Katri observed that there has been slight uptick in IT Budgets as well as discretionary spending. IT industry is going through fundamental changes as they move up in the value chain.
Below is the verbatim excerpts of the interview
Q: What has been the key takeaway from your interactions with the Indian IT companies? How much better will FY14 be compared to FY13?
A: So far during this trip we met about four or five companies in IT space. We met the Tier-1 offshore companies and the general takeaways have been relatively positive. The tone is positive. A lot of it is in line with the resultant survey that we published back in December. Our survey said a couple of things. It said there will be a slight uptick in IT services Budgets this year, a slight uptick in discretionary spending, an inline Budget cycle, i.e. no delays which is what we had a two years ago. The survey also indicated that some of the volatile areas such as financial services in Europe are actually going to be stable to slightly better. Continental Europe has a very, very significant potential for this space down the road. How much will this year be better than last year? A lot of it really depends on the actual vendors that we are talking about. We will probably continue to see this polarization that we have seen in the past few years between Cognizant Technology Solutions and Tata Consultancy Services (TCS) and the others. We are expecting Cognizant and TCS to have a better year. We have seen that in our survey in terms of our customer wins, in terms of clients' spending intentions and I am assuming that both of these companies will come out with numbers that are stronger than last year. The interesting thing about the sector is that it is going through fundamental changes. We are seeing in the past few years most management teams changing.
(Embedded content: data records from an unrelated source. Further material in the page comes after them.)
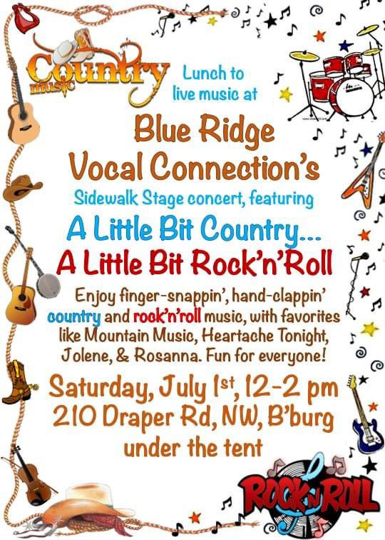 Blue Ridge Vocal Connection presents a Sidewalk Stage Concert titled "A Little Bit Country... A Little Bit Rock'n' Roll" on Saturday, July 1, 2023 under the food tents on Draper Road in downtown Blacksburg, VA.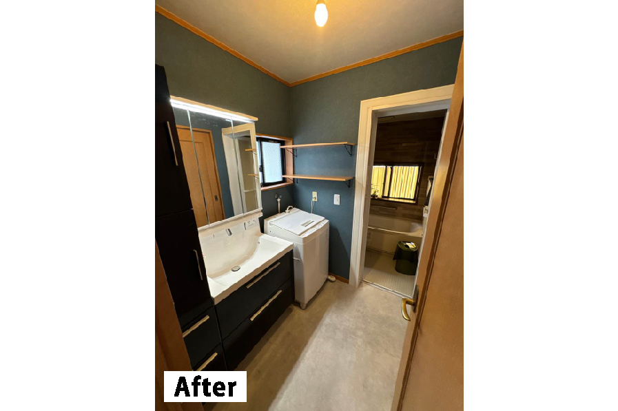 掃除もしやすくシックな洗面所にリフォーム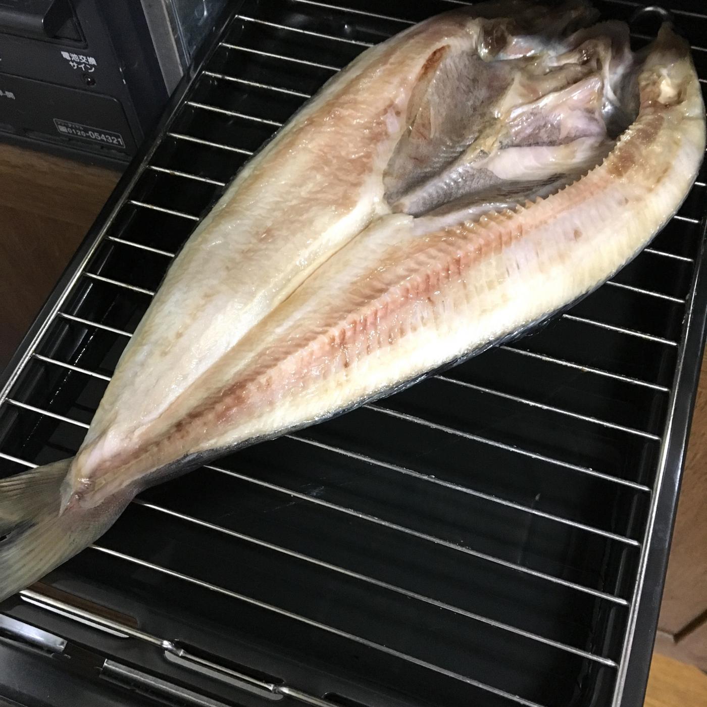 特大サイズ30センチのほっけ、少し斜めにして入れるとグリルにギリギリ入りました。

Q: Do you think the run up in the Infosys stock price is justified by its fundamentals? It has only been one quarter of stable earnings.
A: Infosys is a special situation. For many investors who did not notice Infosys was heavily shorted in front of earnings, roughly about half of the American Depository Receipts (ADR) flow was shorted, so it is about 30 million shares and I guess there was some sort of an expectation out there given the short position that the company was going to significantly reduce its revenue growth guidance for FY13 which is something that never really happened and the fact that numbers were in line, the fact that guidance was reiterated for the first time in many quarters I think convinced many people to cover their shorts, which has probably what happened. The stock has held up since then mostly because not all of that significant short position has been covered. So that is on one hand in terms of technicals, i.e. why is the stock up 20 percent or so since earnings.
The stock today is more expensive than Cognizant which will likely show top-line growth close to 20 percent this year. So I think there is a disconnect between valuation and fundamentals, but having said all that the fact that Infosys was able to meet its numbers, to reiterate guidance is positive for the sentiment for the space. So we like it. The question here is what sort of guidance Cognizant will provide whenever they release their numbers sometime in mid-April. Consensus expectations right now are very aggressive. They are calling for 16-17 percent top-line growth. I guess people are expecting Infosys to grow faster than the upper hand of National Association of Software and Services Companies’ (NASSCOM) guidance for the industry this year, but going from 5 percent top-line growth to 16-17 percent top-line growth year-over-year sounds very, very aggressive to us.